Landing Point · DE Germany
| Cable | Status |
|---|---|
| Fehmarn Bält | Active |
RTT measurements to this landing point from 2026-03-18 through 2026-06-28 - live ICMP round-trip time via our monitoring probes. Recomputed daily. ✓ No anomalies detected in the monitored period.
| Probe | Location | Samples | Avg |
|---|---|---|---|
| #1014473 own probe | Minsk BY | 8 | 25.5 ms |
| #6410 own probe | Sao Paulo BR | 4 | 195.2 ms |
| #6427 own probe | Sydney AU | 4 | 245.8 ms |
| #1014589 own probe | Almaty KZ | 4 | 109.7 ms |
| #1014597 own probe | Tbilisi GE | 4 | 49.7 ms |
| #1014969 own probe | Jerusalem IL | 4 | 29.2 ms |
| #1016031 own probe | Kyiv UA | 4 | 38.6 ms |
| #1015523 own probe | Moscow RU | 2 | 33.7 ms |
| #1015563 own probe | Saint Petersburg RU | 2 | 35.0 ms |
| #1015932 own probe | Odessa UA | 2 | 44.0 ms |
| #1015313 own probe | Sevastopol UA | 1 | 91.9 ms |
Puttgarden is a village and ferry harbour located on the German island of Fehmarn, positioned along the Fehmarnbelt strait that separates Germany from Denmark. This coastal setting places Puttgarden in a natural corridor between the two countries, and it is this same geography that underlies its role in the submarine cable network. One submarine cable lands at Puttgarden, connecting Germany directly to Denmark across the Fehmarnbelt.

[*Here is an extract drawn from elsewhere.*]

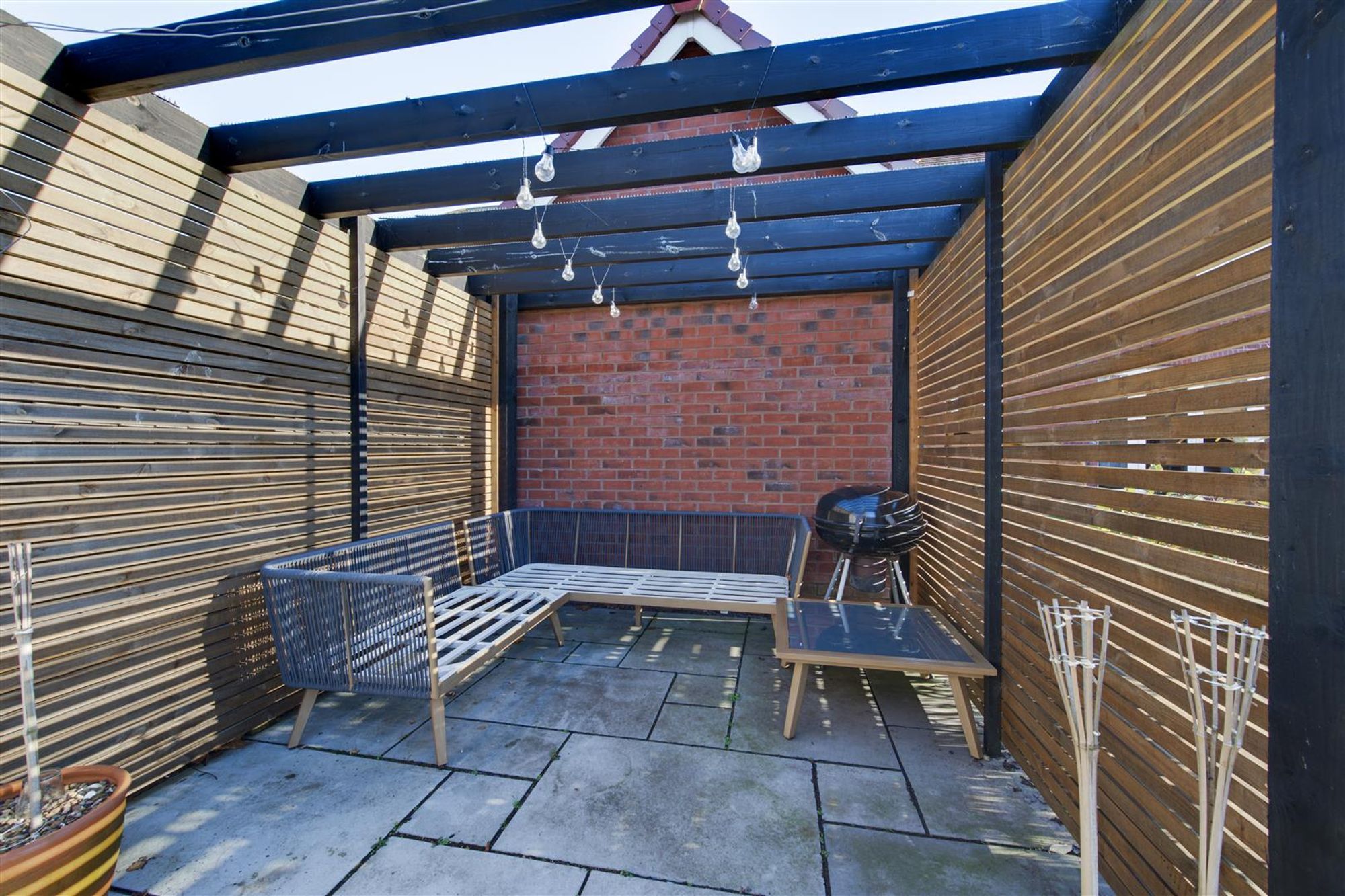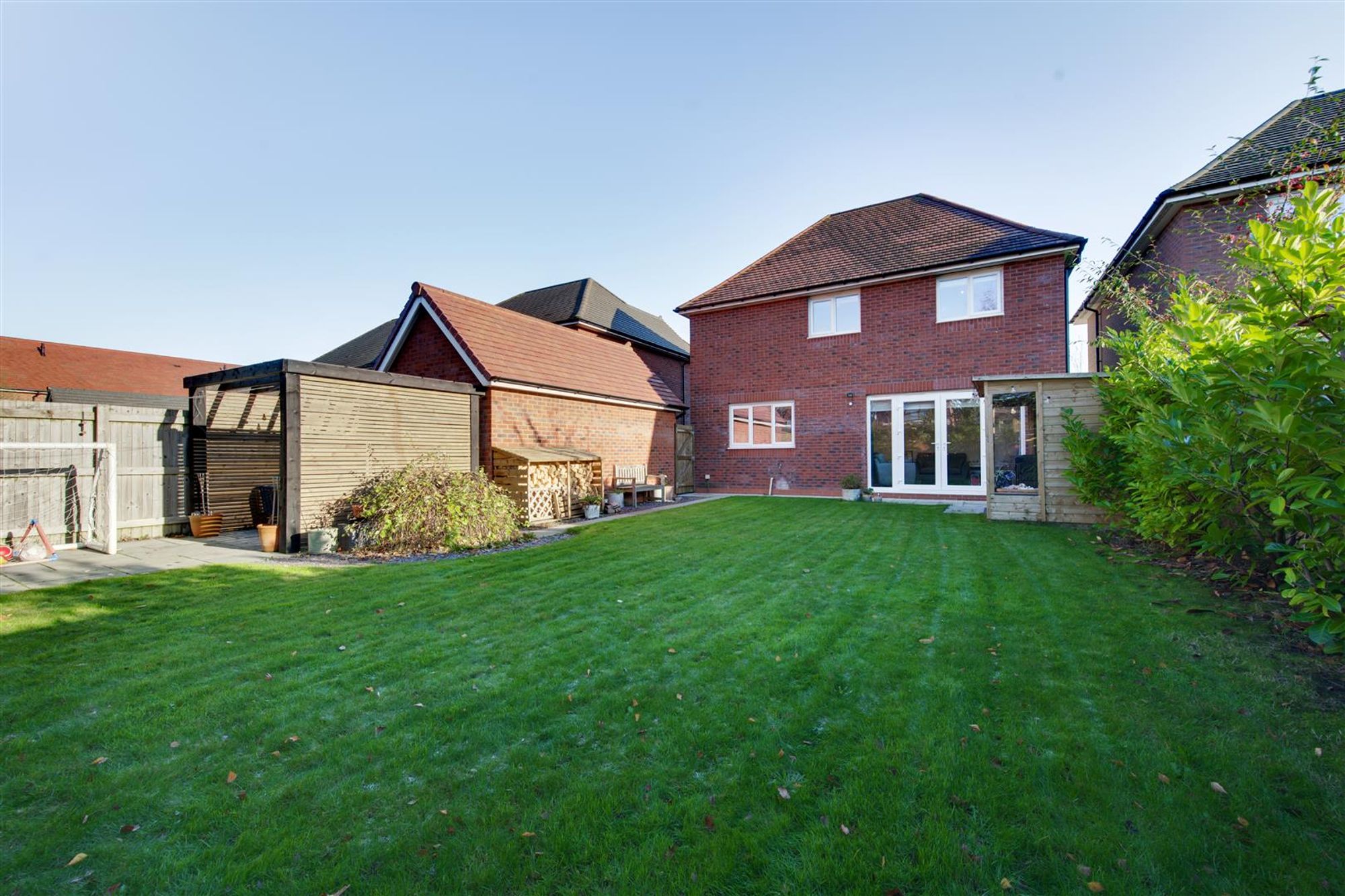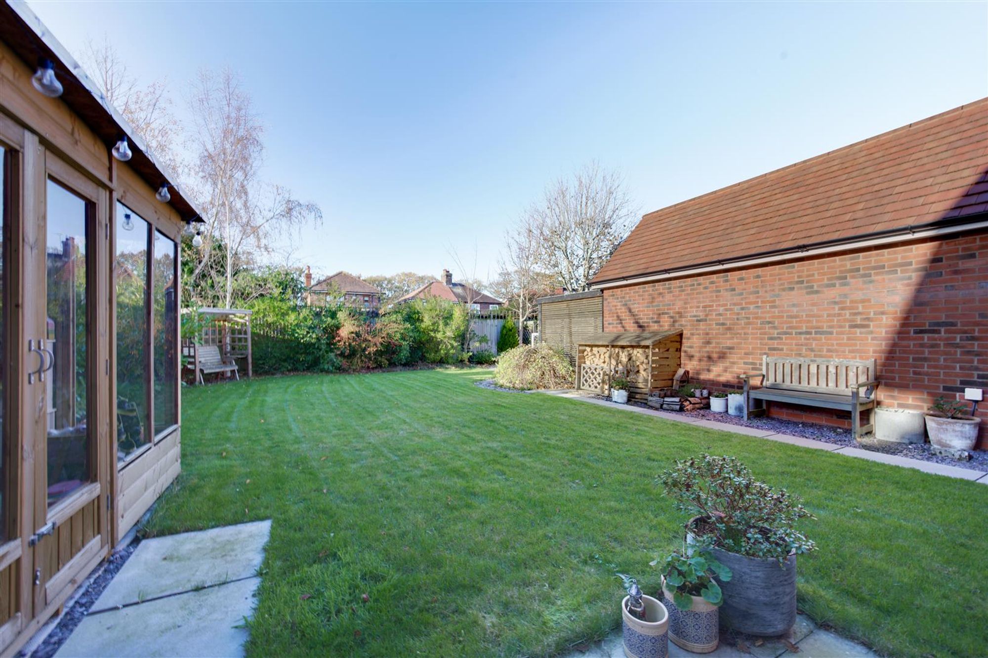 Externally, the home has a favorable size plot on the development with a driveway providing ample tandem parking leading to a detached garage and an ever-maturing Laurel hedgerow providing screening from the road. The rear garden is a good size & enjoys a good degree of privacy with multiple seating areas, a garden store, a log store and at the foot of the garden there is a further flagged area with pergola which would be a great place for a hot tub or private dining!

The single cable landing here, the Fehmarn Bält, is a short cross-strait system reflecting the modest distance — approximately 18 kilometres — between Fehmarn and the Danish island of Lolland. Though Puttgarden hosts only one cable, it represents a direct bilateral link between Germany and Denmark, forming part of the broader Baltic and Northern European submarine cable picture.
The Fehmarn Bält is the sole submarine cable landing at Puttgarden. Stretching approximately 20 kilometres, the cable reached ready-for-service status in 2000, though it carries draft status. It connects Germany and Denmark, crossing the Fehmarnbelt strait between Puttgarden on the German side and a corresponding landing point in Denmark. Its short length reflects the narrow nature of the strait it traverses, making it one of the shorter submarine cable systems landing anywhere in Germany.
Within Germany's nine submarine cable landing points, Puttgarden sits alongside other single-cable locations including Friedrichshafen, Markgrafenheide, and Meersburg, placing it in the lower tier by cable count. Rostock leads among German landing points with three cables, while Konstanz and Wilhelmshaven each host two. Puttgarden ranks in the top 67 percent of German landing points by cable count, reflecting the fact that single-cable landings are common across Germany's submarine infrastructure.
Puttgarden functions as a single-cable terminus rather than a multi-cable hub, anchoring one end of the Fehmarn Bält system on German soil. The cable it hosts establishes a direct submarine link between Germany and Denmark, enabling connectivity across the Fehmarnbelt strait along one of Northern Europe's most historically significant cross-border corridors. The short span of the cable underscores the point-to-point, bilateral character of this particular connection rather than any broader intercontinental routing role.
In the regional submarine cable graph, Puttgarden's significance lies in providing a dedicated undersea pathway between Germany and Denmark at one of the narrowest natural crossings between the two countries, complementing the broader set of submarine connections that reach Germany from more distant endpoints elsewhere in the North Sea and Baltic regions.
What next: Puttgarden, Germany in the global directory of cable landing points; see surrounding routes on the interactive submarine cable map or follow live network monitoring.